Успокоившись, он уснул.
Спал Геннадий не более двух часов, но вскочил на зарядку бодрым и свежим. Проснулся он с той же мыслью: «Все надо разрешать честно и прямо». Давящая тяжесть исчезла.
С этого дня поведение Пашкова изменилось: он стал сдержаннее, с готовностью помогал товарищам усвоить сложную теорему, предлагал свои услуги в хозяйственных работах по роте — и все это без тени заискивания, без ожидания благодарностей и похвал, а просто потому, что начал понимать, что значит «жить дружно».
Это не было чудом мгновенного перевоплощения (излюбленная тема ленивых воспитателей и кабинетных теоретиков). Перелом, происходящий в Геннадии, давно подготавливался, но понадобился взрыв, мучительный пересмотр ценностей, чтобы все лучшее, что накопилось в его характере, стало вытеснять лишнее, наносное.
Товарищи начали понимать, что происходит с Геннадием, и тоже, правда медленно, присматриваясь, «меняли курс» — сердце отходило.
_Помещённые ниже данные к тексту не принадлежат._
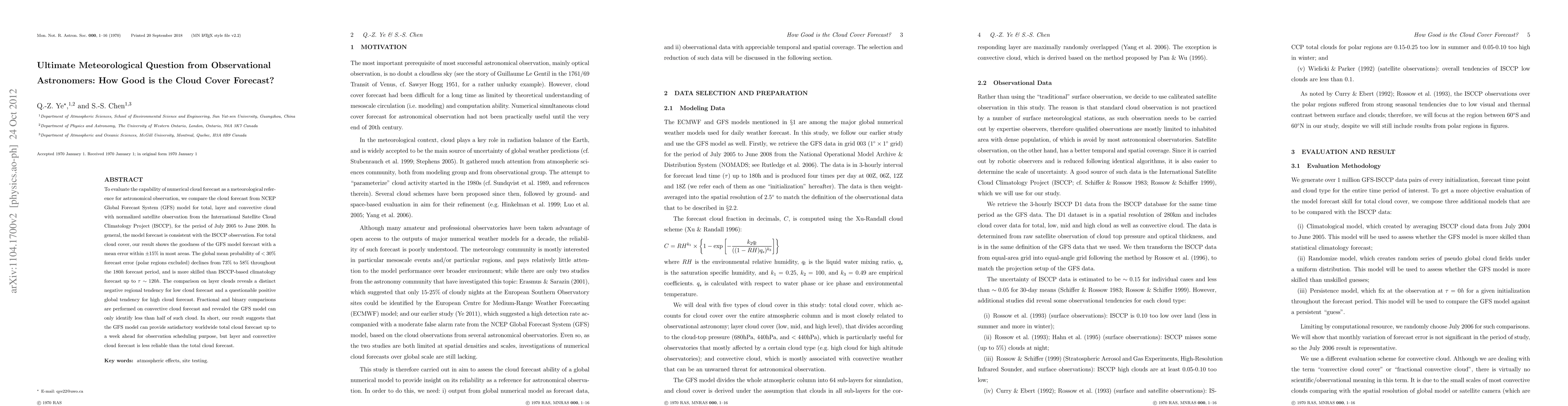 To evaluate the capability of numerical cloud forecast as a meteorological reference for astronomical observation, we compare the cloud forecast from NCEP Global Forecast System (GFS) model for total, layer and convective cloud with normalized satellite observation from the International Satellite Cloud Climatology Project (ISCCP), for the period of July 2005 to June 2008. In general, the model forecast is consistent with the ISCCP observation. For total cloud cover, our result shows the goodness of the GFS model forecast with a mean error within +/-15% in most areas. The global mean probability of < 30% forecast error (polar regions excluded) declines from 73% to 58% throughout the 180h forecast period, and is more skilled than ISCCP-based climatology forecast up to tau~120h. The comparison on layer clouds reveals a distinct negative regional tendency for low cloud forecast and a questionable positive global tendency for high cloud forecast. Fractional and binary comparisons are performed on convective cloud forecast and revealed the GFS model can only identify less than half of such cloud. In short, our result suggests that the GFS model can provide satisfactory worldwide total cloud forecast up to a week ahead for observation scheduling purpose, but layer and convective cloud forecast is less reliable than the total cloud forecast.

Как-то, когда Геннадия не было в классе, Павлик Снопков сказал о нем Семену, самому непримиримому из всех:
— Зачем человека втаптывать? Поучили, — и хватит. Он многое пережил.
Павлика поддержал Андрей:
— Ему сейчас руку протянуть надо.
Семен смолчал. Насупясь, с ожесточением подумал: «Прекраснодушие!»
Неделей позже Геннадий подошел к Гербову.
— Дайте мне поручение… общественное, — попросил он. «Комсомольское» не выговорилось. «Какой же я сейчас комсомолец?!»
Гербов посмотрел недовольно. Хотел отрубить, что, мол, обойдемся и без помощи таких, как ты, но вспомнил разговор с Сергеем Павловичем и, глядя на Пашкова серьезными, испытующими глазами, оказал:
— Хорошо… Посоветуюсь на бюро.
Задание дали очень ответственное и подчеркнули, что не кто-нибудь — бюро поручает: подготовить вечер памяти Суворова. Для этого в помощь офицерам выделили группу комсомольцев.
Геннадий взялся за дело горячо. Часто советуясь с Веденкиным, он сам готовил доклад «Суворовская наука побеждать». Хотелось сделать его интересно, не повторяя общеизвестных истин.
Геннадий долго рылся в книжных шкафах училища, все воскресенье просидел в городской библиотеке. Материала было много, но следовало отобрать главное, продумать детали и сделать выводы. Поглощенный своими мыслями, Пашков в перемены сосредоточенно шагал от стены к стене, потом, вдруг вспомнив что-то, бежал в класс.
— Как с выставкой дело идет? — спрашивал он у своего помощника Снопкова, склонившегося в углу над ящиком с глиной и проволокой: Павлик оборудовал макет «Район обороны роты».
— За мной дело не станет, — выпрямился Павлик, — а вот Савка затягивает. Понимаешь, макет винтовки сделал, но еще не электрифицировал.
Геннадий, разыскав Братушкина, настойчиво говорил ему:
— Неделя осталась, ты это учел? Неделя!
Но все обошлось как нельзя лучше, и в назначенный вечер Павлик Снопков, важно расхаживая между экспонатами, объяснял гостям:
— Сталинская стратегия опирается на передовую технику века. Вот, пожалуйста, рисунки по радиолокации. Нововведение наших изобретателей. А это полоса препятствий. Или вот — пульт управления.
Он нажимал какие-то кнопки, поворачивал рычаги — и загорались лампочки, двигались механизмы.
В «Кабинете Суворова» Андрей показывал гостям рисунки, иллюстрирующие боевую деятельность полководца, макет «Штурм Измаила», карты походов русских чудо-богатырей.
В разгар вечера в актовом зале появился седовласый статный полковник с орденом Суворова на груди. К гостю подошел Зорин, благодарно пожал ему руку:
— Вот хорошо, Петр Данилович, — пришли! А я опасался, не помешало бы что.